#### [WORK ITEM]
Go to the line below that has "Buckskin Horse Color", print it and each line after it exactly, and stop after the line that has "Above: Austins on"; leave out pictures.

#### [RECORDS SHOWN]
++++++++++
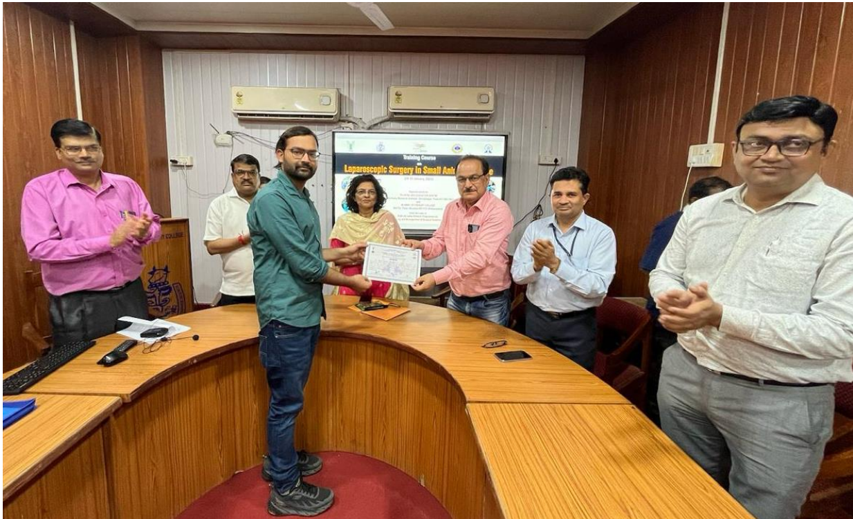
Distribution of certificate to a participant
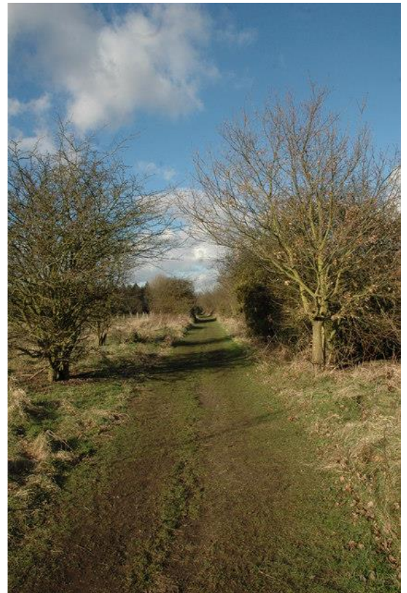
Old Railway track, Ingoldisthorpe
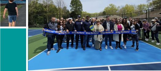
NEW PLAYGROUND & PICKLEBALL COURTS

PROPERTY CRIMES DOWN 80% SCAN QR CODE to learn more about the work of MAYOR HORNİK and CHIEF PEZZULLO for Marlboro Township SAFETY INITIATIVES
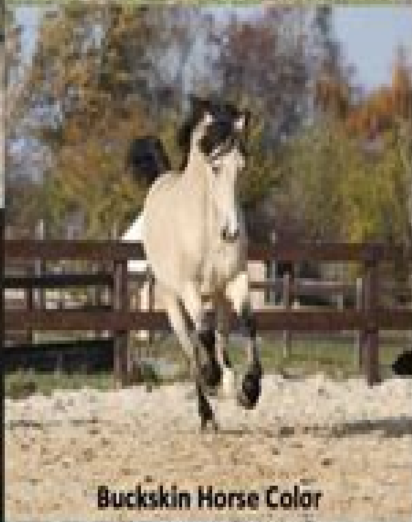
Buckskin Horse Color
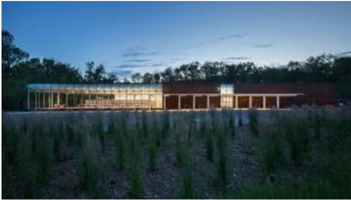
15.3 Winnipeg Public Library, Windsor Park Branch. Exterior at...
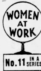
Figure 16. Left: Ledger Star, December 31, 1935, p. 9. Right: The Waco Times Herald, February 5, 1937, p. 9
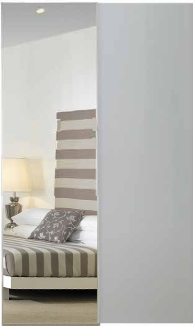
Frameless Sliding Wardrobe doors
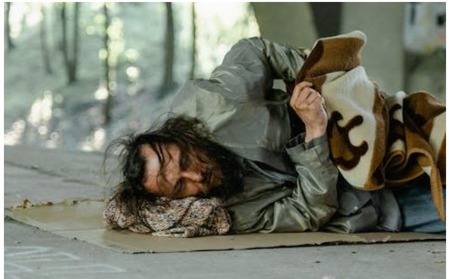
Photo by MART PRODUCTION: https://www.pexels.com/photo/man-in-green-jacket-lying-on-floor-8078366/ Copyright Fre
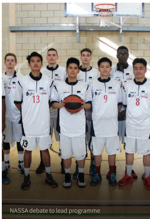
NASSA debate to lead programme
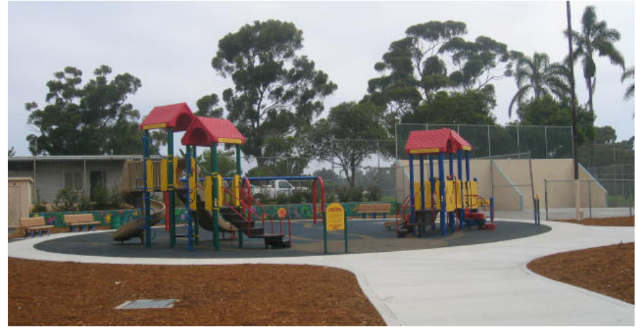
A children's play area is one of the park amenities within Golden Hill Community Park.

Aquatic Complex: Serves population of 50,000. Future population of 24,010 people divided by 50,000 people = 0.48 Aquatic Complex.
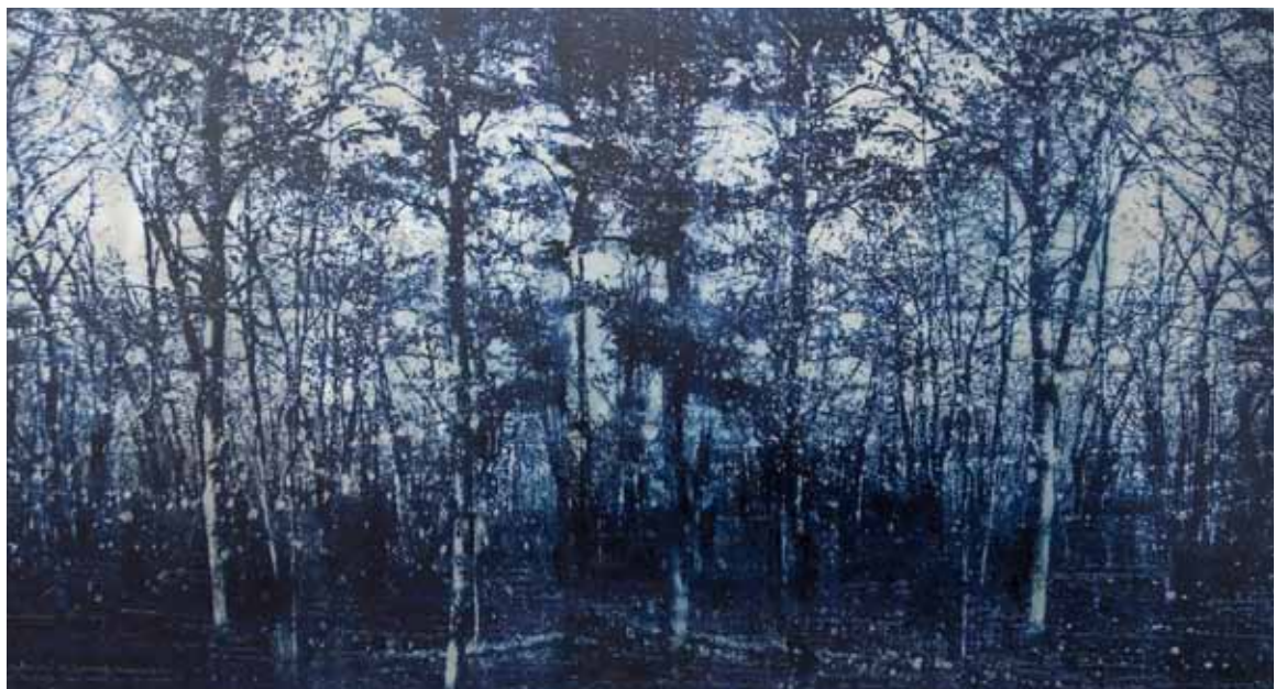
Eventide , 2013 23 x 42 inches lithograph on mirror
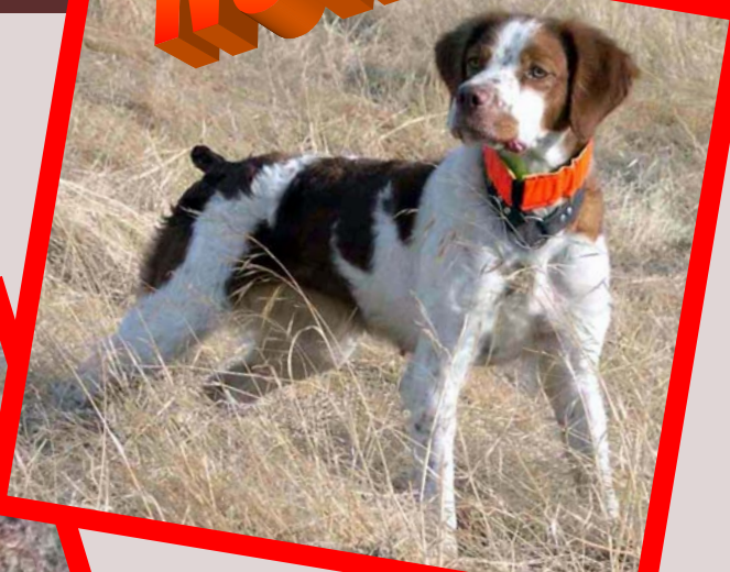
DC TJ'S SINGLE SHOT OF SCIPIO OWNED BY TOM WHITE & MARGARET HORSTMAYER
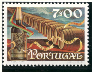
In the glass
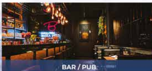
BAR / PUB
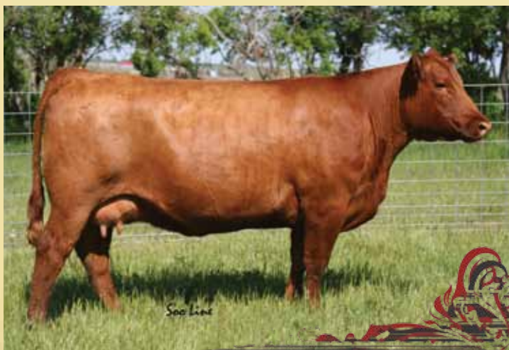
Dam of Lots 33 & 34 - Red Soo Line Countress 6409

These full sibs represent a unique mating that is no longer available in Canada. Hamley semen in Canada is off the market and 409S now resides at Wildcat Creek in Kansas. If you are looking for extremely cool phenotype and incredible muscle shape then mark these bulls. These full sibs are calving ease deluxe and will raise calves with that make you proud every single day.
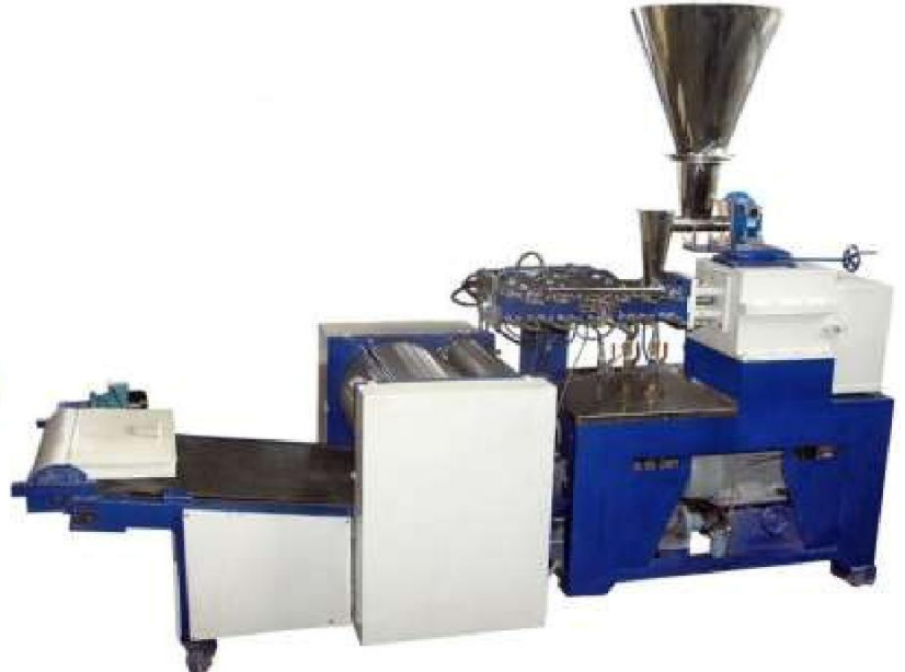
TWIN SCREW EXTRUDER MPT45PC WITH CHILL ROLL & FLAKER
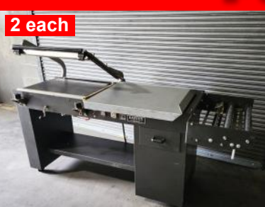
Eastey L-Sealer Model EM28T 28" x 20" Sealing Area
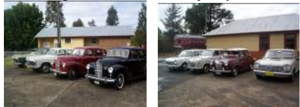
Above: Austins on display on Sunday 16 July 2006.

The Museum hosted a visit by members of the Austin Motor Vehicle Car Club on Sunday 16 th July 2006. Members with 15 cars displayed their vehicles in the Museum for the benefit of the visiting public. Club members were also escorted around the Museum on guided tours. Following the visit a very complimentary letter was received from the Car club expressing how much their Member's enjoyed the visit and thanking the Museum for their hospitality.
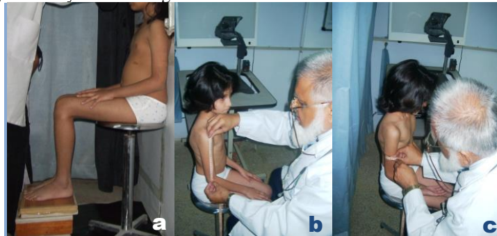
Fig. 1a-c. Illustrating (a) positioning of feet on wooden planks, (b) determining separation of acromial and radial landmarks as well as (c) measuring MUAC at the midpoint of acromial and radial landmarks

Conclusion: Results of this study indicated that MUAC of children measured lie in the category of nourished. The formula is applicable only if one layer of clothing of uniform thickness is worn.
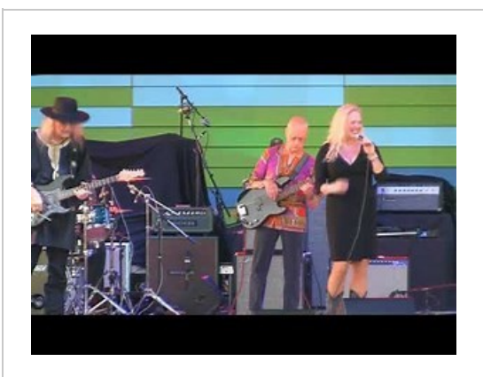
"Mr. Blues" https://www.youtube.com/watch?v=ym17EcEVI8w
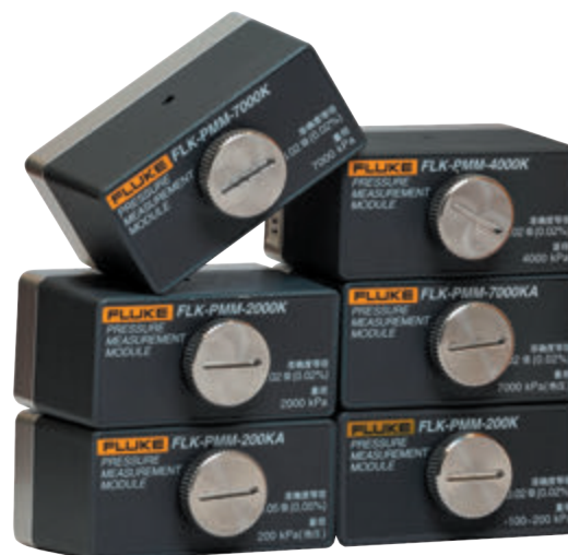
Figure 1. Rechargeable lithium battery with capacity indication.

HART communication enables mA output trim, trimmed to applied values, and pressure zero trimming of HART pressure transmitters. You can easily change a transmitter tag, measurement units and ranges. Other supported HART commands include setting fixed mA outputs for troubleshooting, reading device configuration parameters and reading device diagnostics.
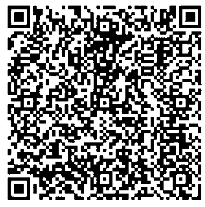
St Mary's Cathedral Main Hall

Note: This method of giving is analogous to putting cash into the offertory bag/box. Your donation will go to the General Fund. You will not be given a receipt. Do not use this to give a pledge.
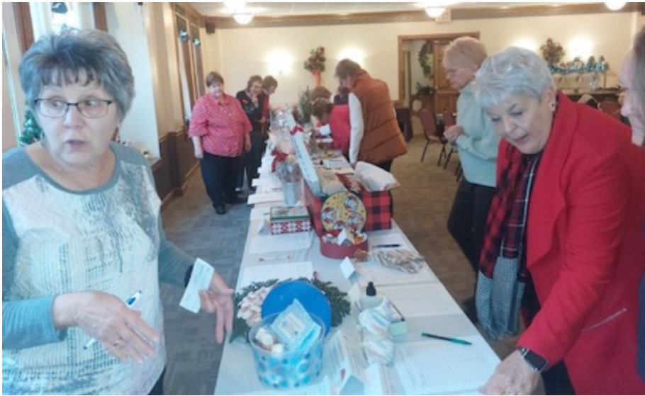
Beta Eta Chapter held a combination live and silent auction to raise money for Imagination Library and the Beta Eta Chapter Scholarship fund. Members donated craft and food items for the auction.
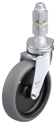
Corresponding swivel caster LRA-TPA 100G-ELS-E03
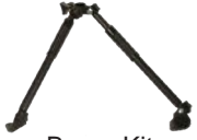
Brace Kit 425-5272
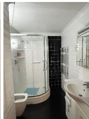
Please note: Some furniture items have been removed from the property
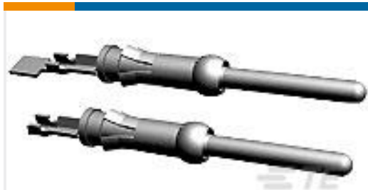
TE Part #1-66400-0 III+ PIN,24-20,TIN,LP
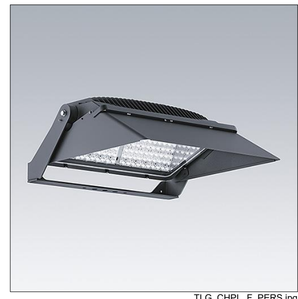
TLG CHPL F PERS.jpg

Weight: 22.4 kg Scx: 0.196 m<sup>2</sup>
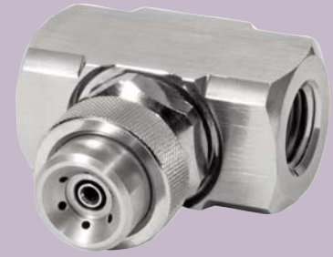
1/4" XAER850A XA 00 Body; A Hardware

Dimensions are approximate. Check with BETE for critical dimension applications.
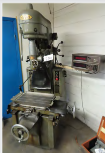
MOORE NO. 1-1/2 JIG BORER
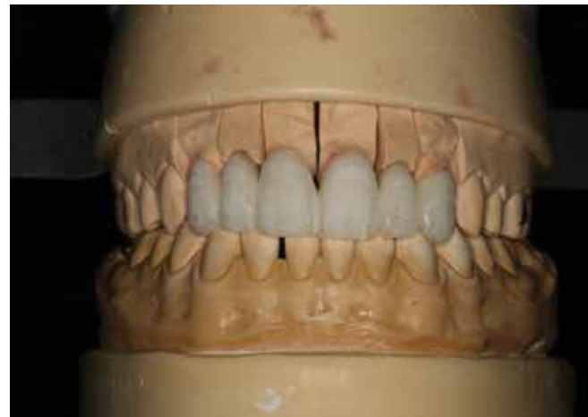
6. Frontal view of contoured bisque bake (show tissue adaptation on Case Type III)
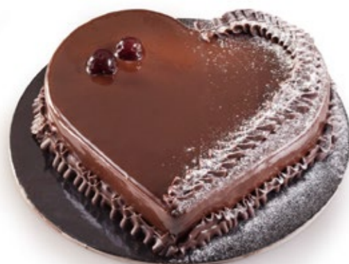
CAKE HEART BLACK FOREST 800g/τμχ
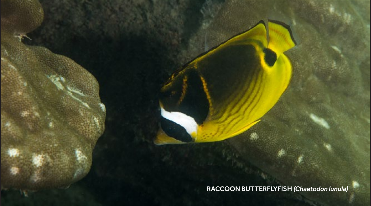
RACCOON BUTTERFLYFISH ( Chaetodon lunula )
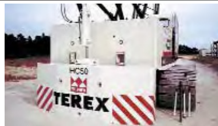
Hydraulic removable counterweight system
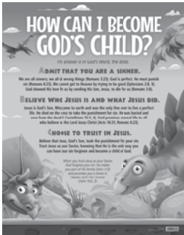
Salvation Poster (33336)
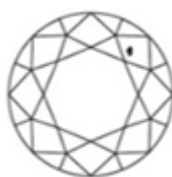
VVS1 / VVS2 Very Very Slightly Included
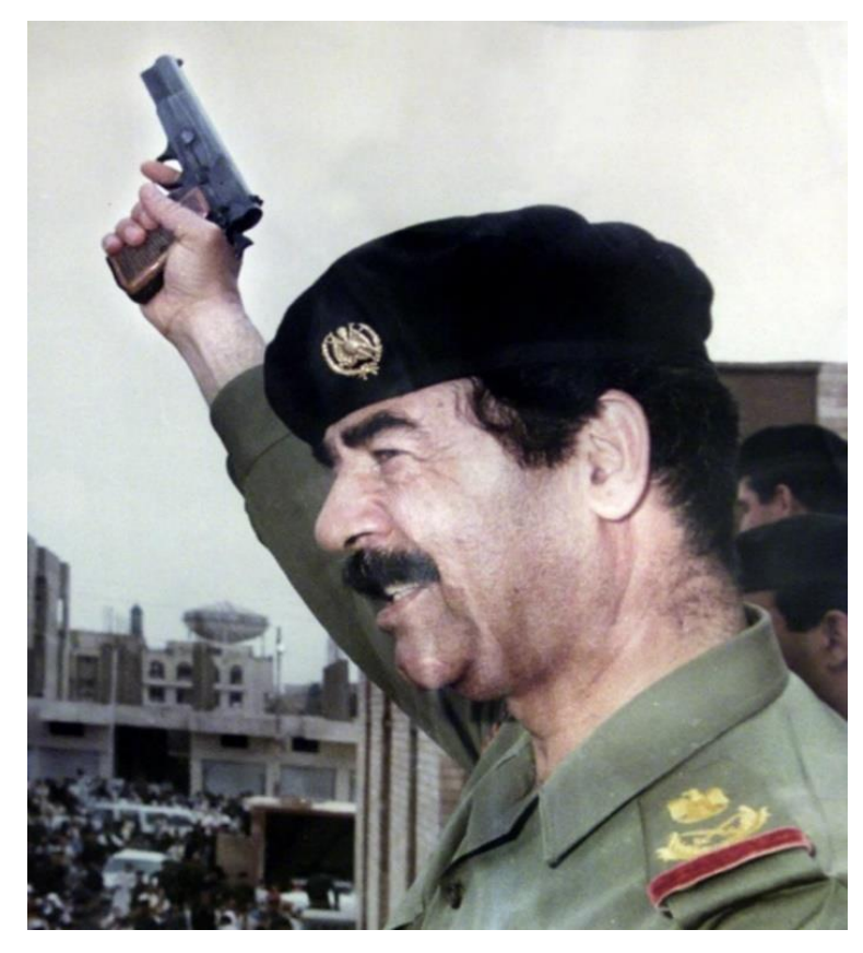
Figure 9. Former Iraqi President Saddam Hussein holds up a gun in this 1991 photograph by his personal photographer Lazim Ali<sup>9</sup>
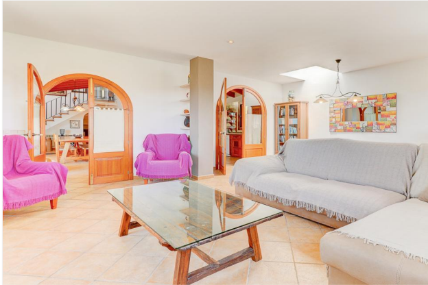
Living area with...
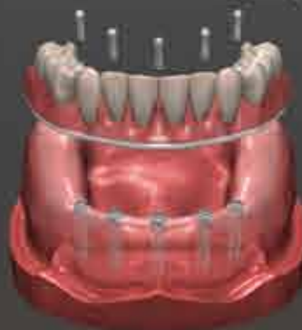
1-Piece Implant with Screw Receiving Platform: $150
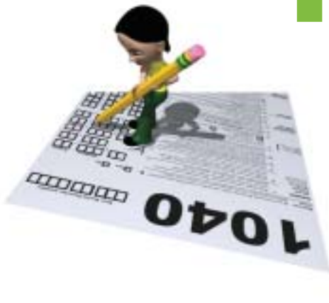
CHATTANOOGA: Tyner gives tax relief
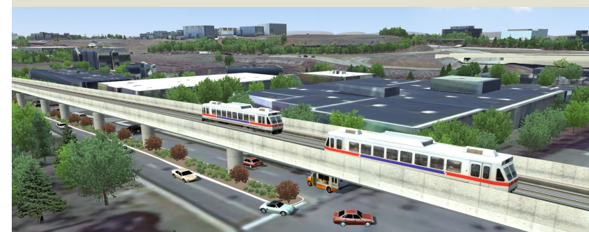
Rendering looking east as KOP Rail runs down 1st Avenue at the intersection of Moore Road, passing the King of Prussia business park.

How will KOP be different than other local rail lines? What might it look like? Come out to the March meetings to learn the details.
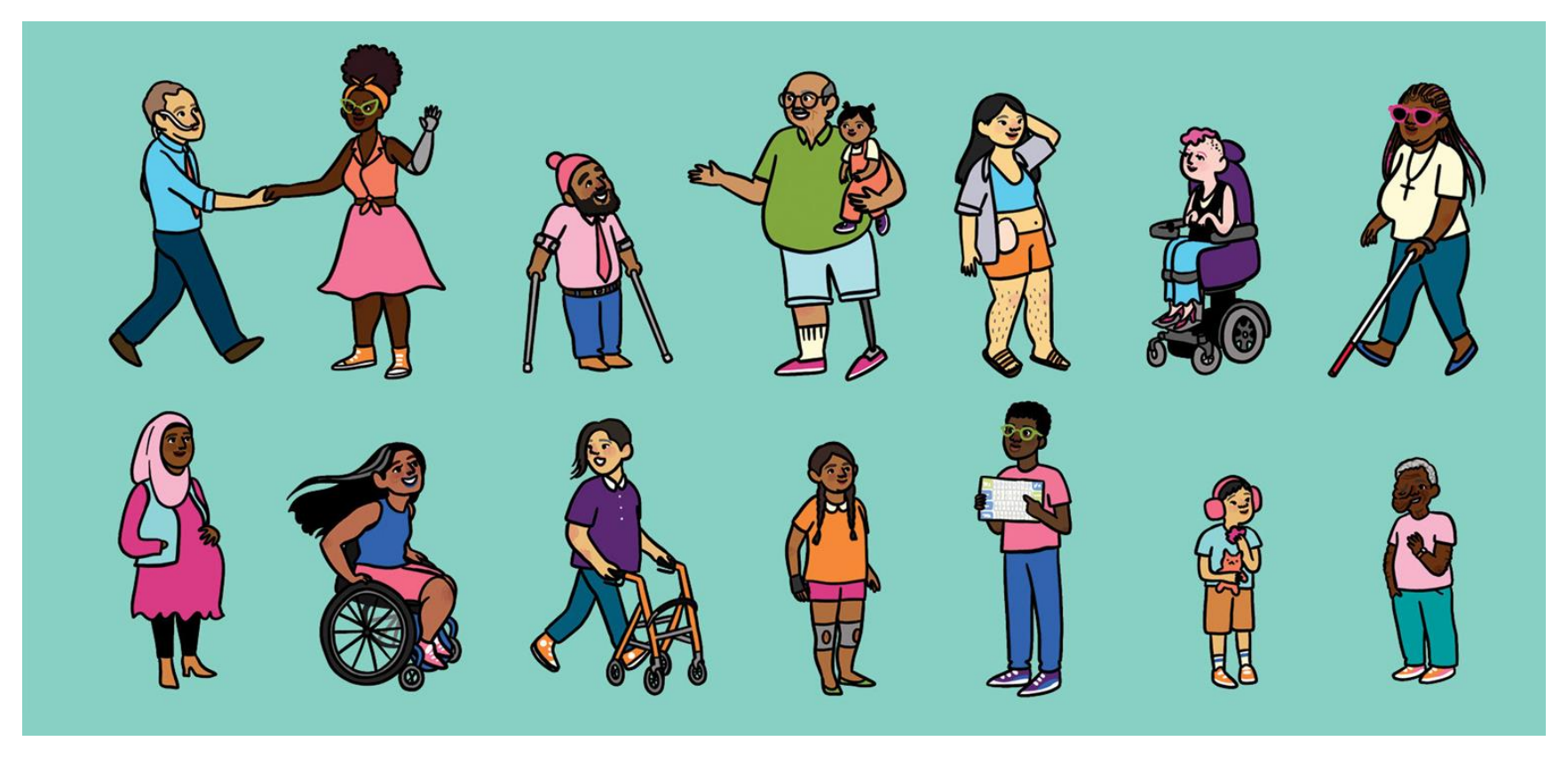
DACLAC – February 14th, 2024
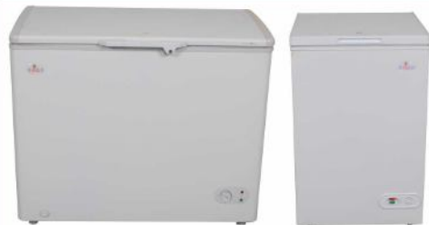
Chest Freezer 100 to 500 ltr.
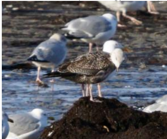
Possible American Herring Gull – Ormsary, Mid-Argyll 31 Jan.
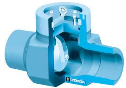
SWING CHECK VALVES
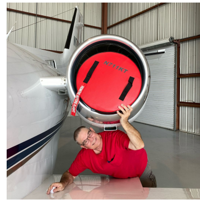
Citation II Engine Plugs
++++++++++
#### [OUTPUT BELOW]
Buckskin Horse Color
15.3 Winnipeg Public Library, Windsor Park Branch. Exterior at...
Figure 16. Left: Ledger Star, December 31, 1935, p. 9. Right: The Waco Times Herald, February 5, 1937, p. 9
Frameless Sliding Wardrobe doors
Photo by MART PRODUCTION: https://www.pexels.com/photo/man-in-green-jacket-lying-on-floor-8078366/ Copyright Fre
NASSA debate to lead programme
A children's play area is one of the park amenities within Golden Hill Community Park.

Aquatic Complex: Serves population of 50,000. Future population of 24,010 people divided by 50,000 people = 0.48 Aquatic Complex.
Eventide , 2013 23 x 42 inches lithograph on mirror
DC TJ'S SINGLE SHOT OF SCIPIO OWNED BY TOM WHITE & MARGARET HORSTMAYER
In the glass
BAR / PUB
Dam of Lots 33 & 34 - Red Soo Line Countress 6409

These full sibs represent a unique mating that is no longer available in Canada. Hamley semen in Canada is off the market and 409S now resides at Wildcat Creek in Kansas. If you are looking for extremely cool phenotype and incredible muscle shape then mark these bulls. These full sibs are calving ease deluxe and will raise calves with that make you proud every single day.
TWIN SCREW EXTRUDER MPT45PC WITH CHILL ROLL & FLAKER
Eastey L-Sealer Model EM28T 28" x 20" Sealing Area
Above: Austins on display on Sunday 16 July 2006.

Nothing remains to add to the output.